CRISPR/Cas9 Lentivirus Production Service at Creative Biogene

In the ever-evolving field of genome editing, the CRISPR/Cas9 technology has emerged as a groundbreaking approach for precise genetic alterations. This innovative system utilizes a chimeric single guide RNA (sgRNA) to direct the Cas9 protein towards specific DNA sequences, allowing for targeted modifications in the genome. With the option to simultaneously target various genomic loci, the CRISPR/Cas9 system is uniquely designed for multiplex gene editing, making it an invaluable tool for both research and therapeutic applications.

Overview of the QVirus™ Platform

Creative Biogene has developed the QVirus™ Platform to streamline the production of lentiviral CRISPR/Cas9 constructs. This platform enables rapid generation of constructs that facilitate multiplex gene manipulation, thereby enhancing the efficiency of genomic editing experiments in challenging cell types, including primary cells and progenitor cells.

Utilizing the lentiviral system provides several advantages, such as stable expression of the sgRNA and Cas9, which can be maintained in both dividing and non-dividing cells. Researchers can achieve complete knockout of target genes in their cell lines, promoting deeper insights into gene function and disease modeling.

Service Offerings

Creative Biogene offers two distinct systems tailored to meet the specific needs of researchers:

Single-Vector CRISPR-Cas9 System

This system features both sgRNA and Cas9 expressed within a single lentiviral vector. Key benefits include:

• Elimination of co-transduction steps, simplifying the workflow.
• Integration into the host cell genome, ensuring that the sequence is inherited through cell divisions.
• Stability that allows cells to be treated and maintained over multiple passages without loss of the lentiviral construct.

Two-Vector CRISPR-Cas9 System

The two-vector approach involves pre-transduction with a Cas9 lentivirus, helping to reduce background noise in knockout screens. Attributes include:

• Delivery of high-titer sgRNA lentivirus for efficient transduction.
• Option for tet-inducible or constitutive expression of U6 promoters.
• Easy selection due to differing antibiotic resistance markers in the vectors.

Why Choose Creative Biogene?

The advantages of using the QVirus™ Platform are clear:

• Efficient delivery of Cas9, facilitating precise and multipoint gene editing.
• Reduction of tedious procedures related to cloning and vector construction.
• High yields of lentivirus ensure robust genetic manipulation capabilities, regardless of the cell type.

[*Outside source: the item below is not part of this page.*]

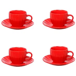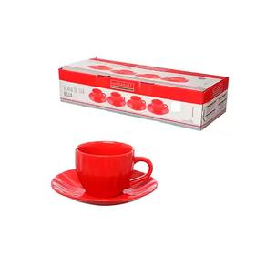 1 Conjunto 4 Xícaras de Café com Pires Cerâmica Bella 150ml Vermelha JGCH064/VM - Hauskraft

Creative Biogene welcomes inquiries related to custom requirements, ensuring that researchers’ specific needs are met with expertise and support.

Conclusion

The CRISPR/Cas9 Lentivirus Production Service at Creative Biogene stands at the forefront of genetic research, empowering scientists to explore the complexities of gene function and disease. By leveraging advanced technologies and offering tailored solutions, Creative Biogene positions itself as a reliable partner in the realm of genomic engineering.